TASK DESCRIPTION:
In the records that follow, find the line with "根據(jù)車主實(shí)"; from there, retype every line exactly through the line with "En Cool Tattoo", which also belongs to the answer.

RECORDS FOR THIS EXERCISE:
——————
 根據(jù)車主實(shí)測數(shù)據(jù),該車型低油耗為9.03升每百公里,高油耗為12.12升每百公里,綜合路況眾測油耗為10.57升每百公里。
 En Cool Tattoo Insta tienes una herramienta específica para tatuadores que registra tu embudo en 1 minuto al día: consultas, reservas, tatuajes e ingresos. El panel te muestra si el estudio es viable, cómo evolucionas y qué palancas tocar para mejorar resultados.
——————
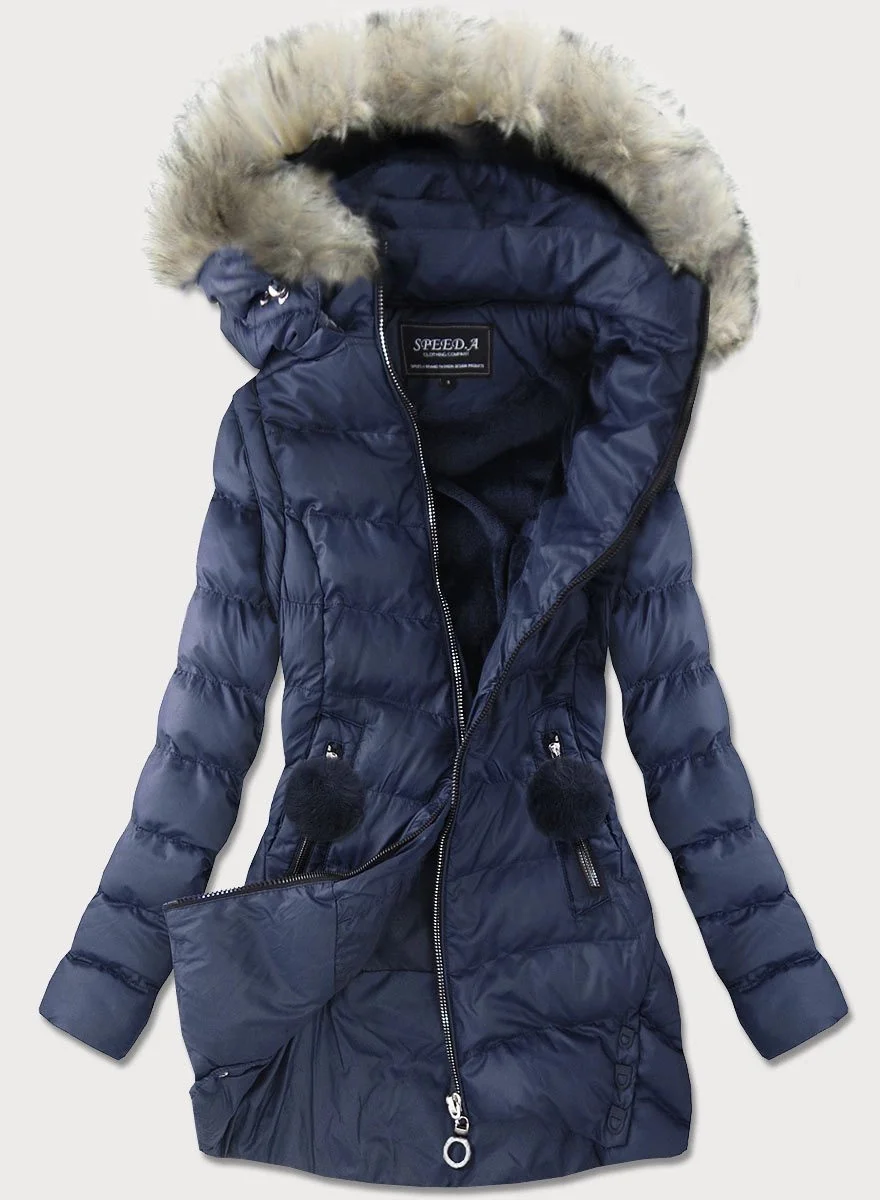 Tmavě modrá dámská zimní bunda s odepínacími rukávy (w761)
——————
EXERCISE RESPONSE:
 根據(jù)車主實(shí)測數(shù)據(jù),該車型低油耗為9.03升每百公里,高油耗為12.12升每百公里,綜合路況眾測油耗為10.57升每百公里。
 En Cool Tattoo Insta tienes una herramienta específica para tatuadores que registra tu embudo en 1 minuto al día: consultas, reservas, tatuajes e ingresos. El panel te muestra si el estudio es viable, cómo evolucionas y qué palancas tocar para mejorar resultados.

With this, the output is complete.